[PATCH] ALSA: pcm: Fix unlocked runtime state reads in xfer ioctls

[Cássio Gabriel]

The recent runtime state locking cleanup converted several PCM ioctl state
checks to snd_pcm_get_state(), including snd_pcm_pre_prepare(),
snd_pcm_drain() and snd_pcm_kernel_ioctl(). The native and compat xfer
ioctl paths still sample runtime->state directly before dispatching to the
PCM transfer helpers, and snd_pcm_common_ioctl() still samples the
DISCONNECTED state directly in its common precheck.

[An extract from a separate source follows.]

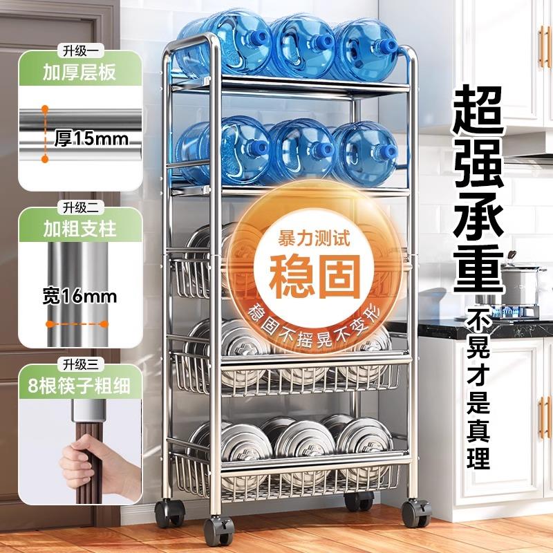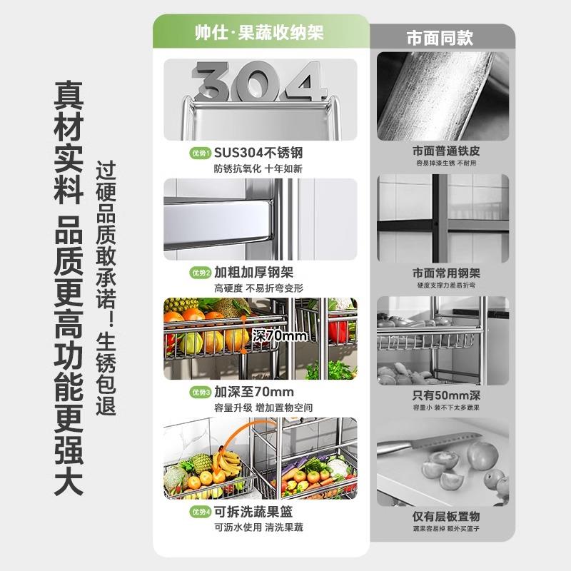 帅仕304不锈钢厨房菜篮子置物架落地家用微波炉锅具果蔬菜收纳层

Use snd_pcm_get_state() for those ioctl-side prechecks as well. This keeps
the externally visible ioctl entry checks consistent with the stream-locked
state access used by the recent PCM state-read cleanup.

Fixes: 032322b44c02 ("ALSA: pcm: oss: use proper stream lock for runtime->state access")
Signed-off-by: Cássio Gabriel <cassiogabrielcontato@xxxxxxxxx>
---
 sound/core/pcm_compat.c | 4 ++--
 sound/core/pcm_native.c | 7 +++----
 2 files changed, 5 insertions(+), 6 deletions(-)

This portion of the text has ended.